The failed states you speak about have only failed because of the wars which
destroy them are funded by the major powers who can keep those low level wars
going indefinitely at minimal cost to themselves. Most wars come to an end
because the combatants simply lack the resources to keep them going, unless
they are funded from the outside, in this case the US and its Middle Eastern
proxies.

Your concept of 'failed state' is the product of the noxious foul diet of
neocon propaganda that passes for a liberal American education, and only
exists to gain the consent of the US population to indebt them, their children
and their great-grandchildren to fund their genocidal activities.

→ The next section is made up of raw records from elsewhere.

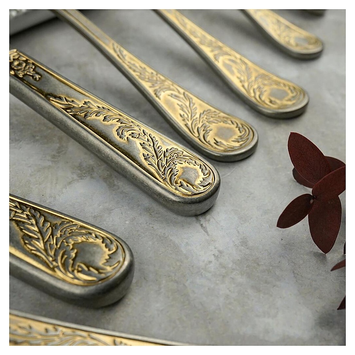 Десертная ложка P.L. Proff Cuisine Lord Vintage Style S143-7 используется в качестве столового прибора при подаче десертов на предприятиях общественного питания и в домашних условиях. Модель оснащена головкой классической формы и рукояткой с широким округлым наконечником. Изделие выполнено в винтажном стиле из нержавеющей стали с шероховатой серебристой поверхностью, декоративным рельефом в виде растительных элементов на рукоятке и золотистой патиной. Внимание! Информация о товарах, размещенная на сайте, не является публичной офертой, определяемой положениями Части 2 Статьи 437 Гражданского кодекса Российской Федерации. Производители вправе вносить изменения в технические характеристики, внешний вид и комплектацию товаров без предварительного уведомления. Уточняйте характеристики у наших менеджеров перед оформлением заказа. |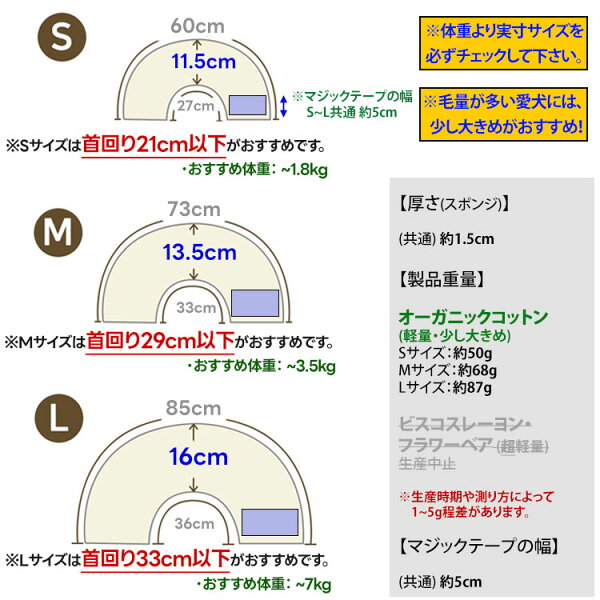 ※毛量が多い場合や頭の形が大きい愛犬には少し大きめのサイズをおすすめいたします。
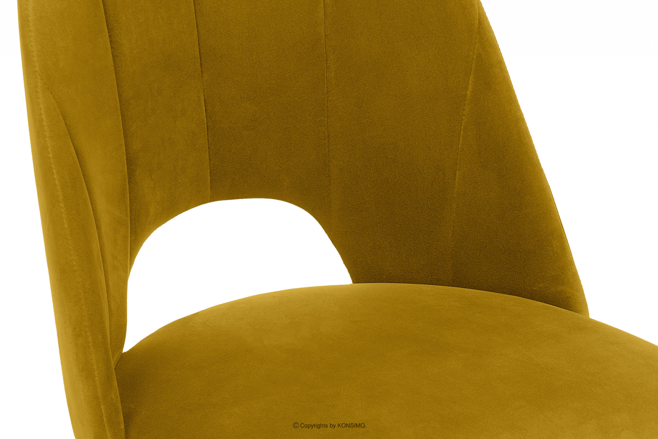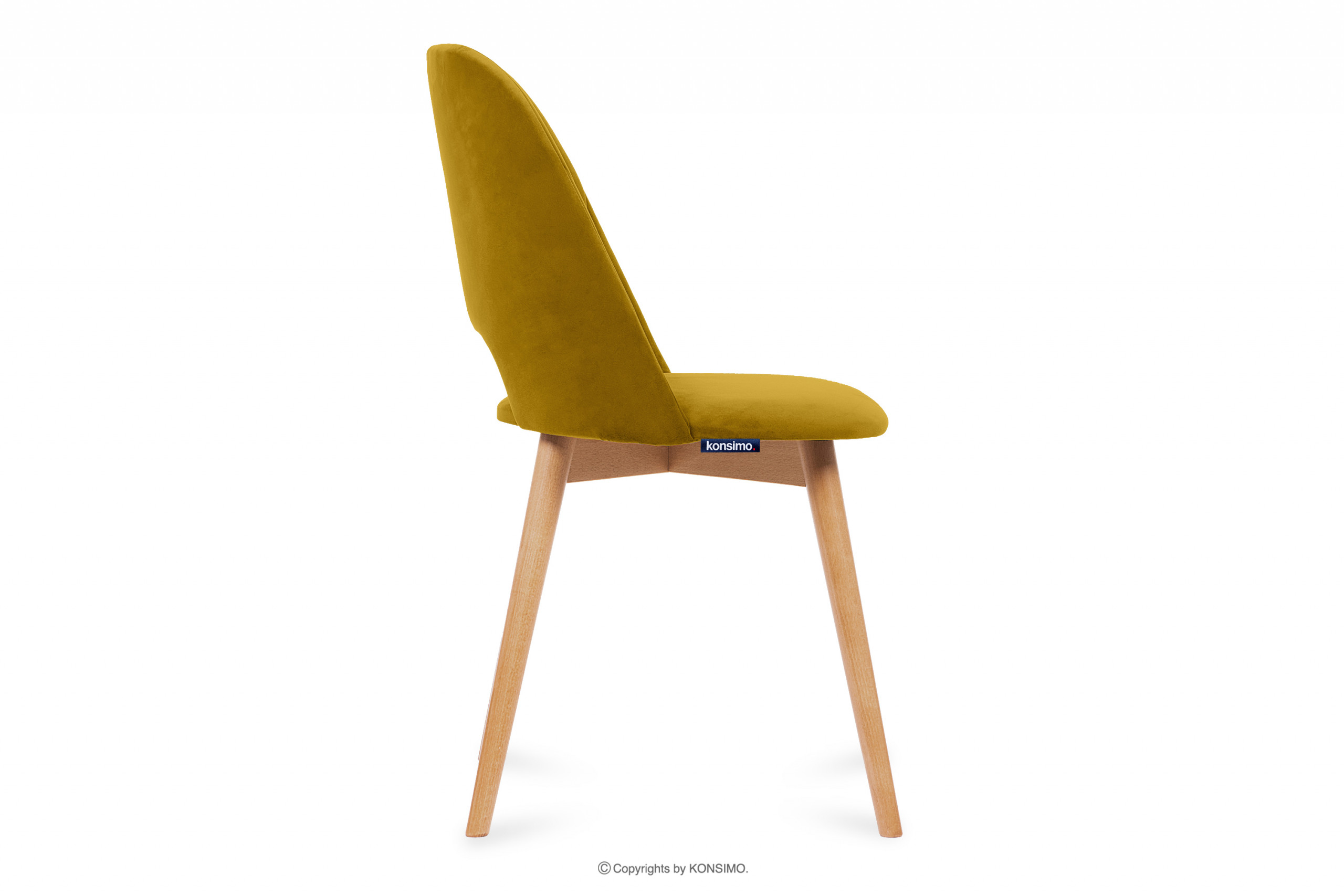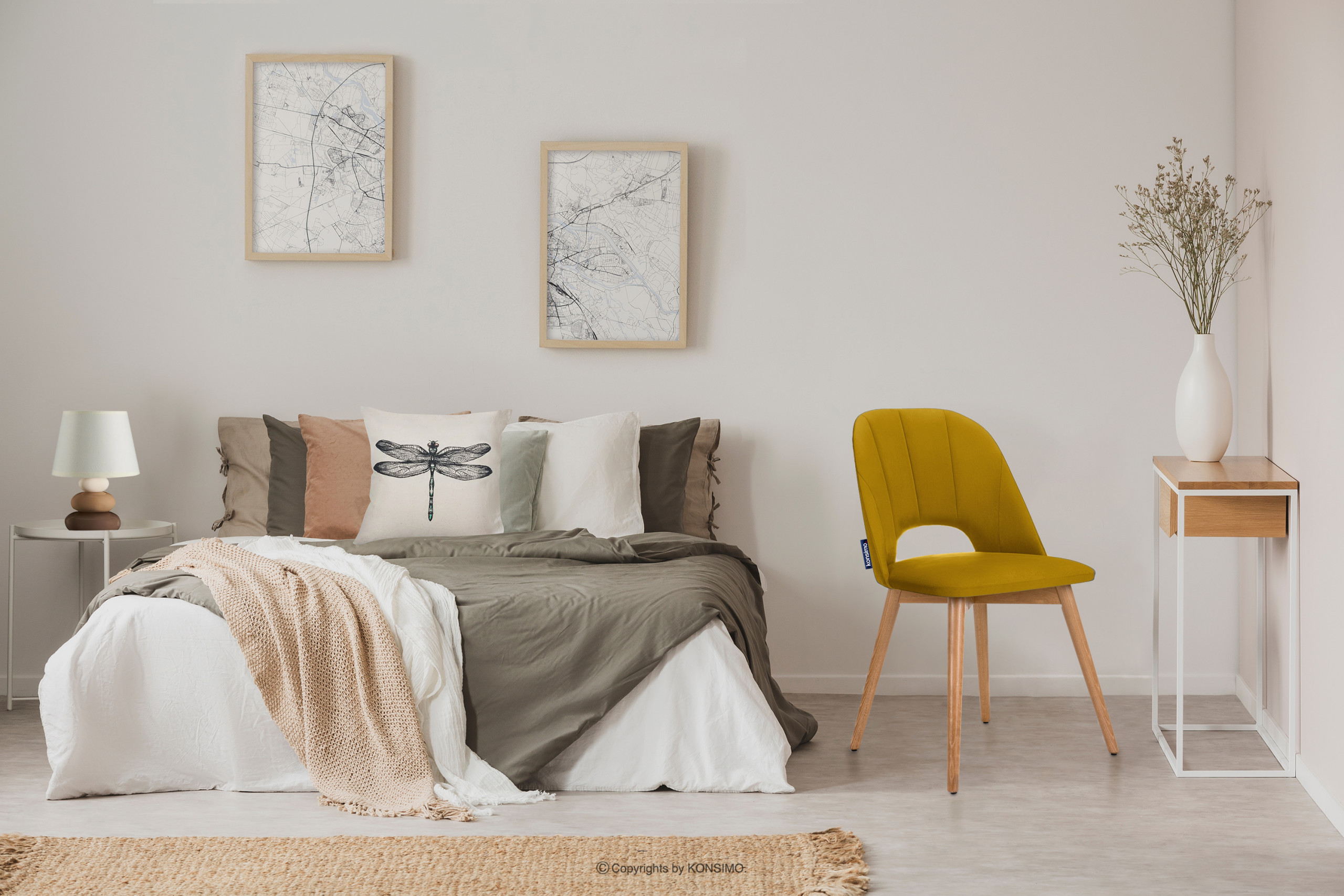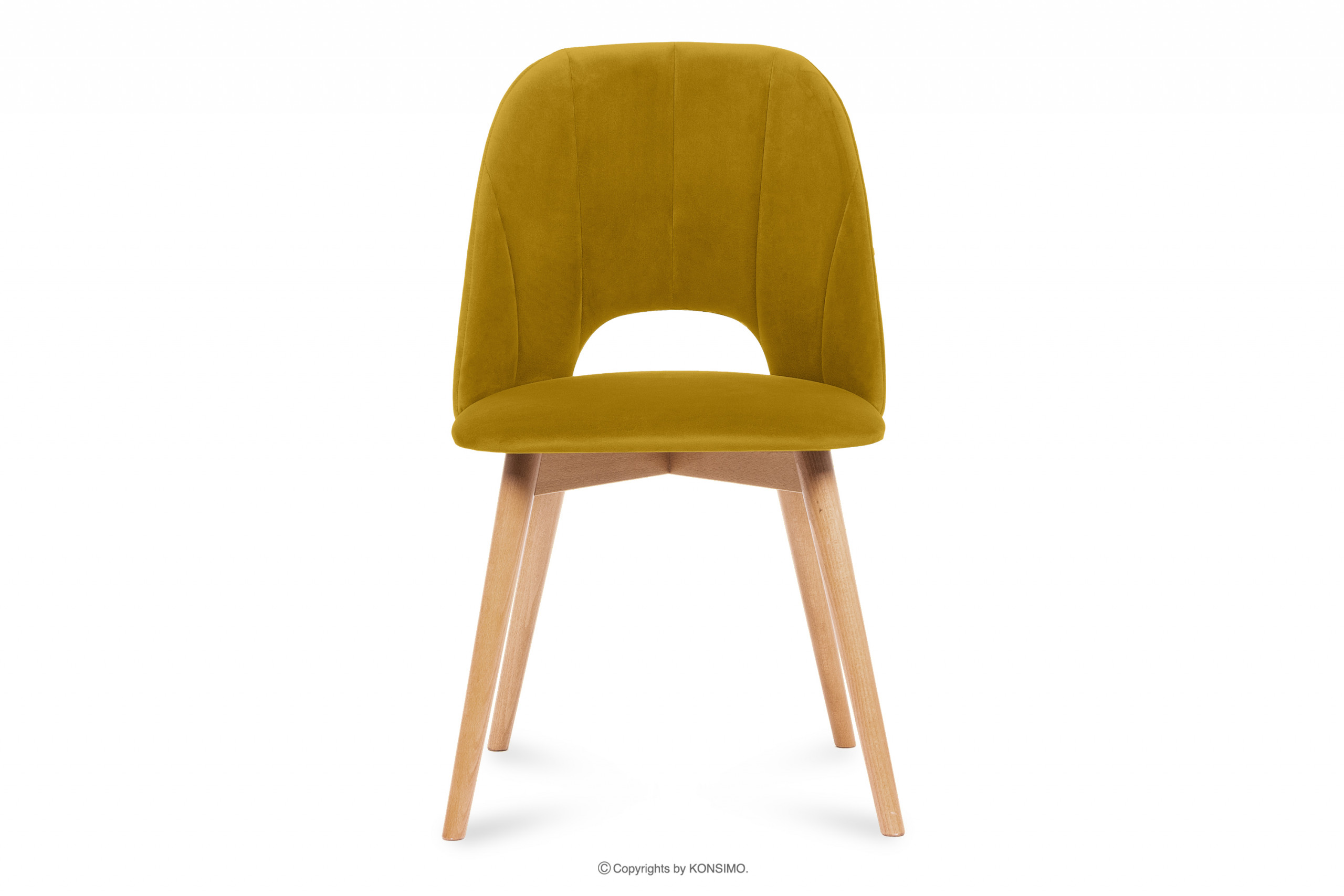TINO Objav celú kolekciu Žltá velúrová jedálenská stolička- farba hořčice/světlý dub

Do your self a favor and purge yourself of it.

------
amaks
This will continue to be happening until a wedding or anything in US will be
destroyed by the drones, by mistake. Until then, the public opinion in this
country won't take these events with all seriousness.

------
JaggedJax
This has less to do with drones or technology or intelligence or mistakes than
it has to do with war. The issue is should we be at war with Al Qaeda or not.

Assuming we are at war and okay with bombing the enemy, civilians will die.
That is how war works. A drone (Even one pointed at the wrong target) does a
lot less damage than the traditional carpet bombing. Civilians die either way,
but a lot less die with modern technology.

------
elwell
Not good; are we creating more revenge terrorists than we are killing with
these drone strikes?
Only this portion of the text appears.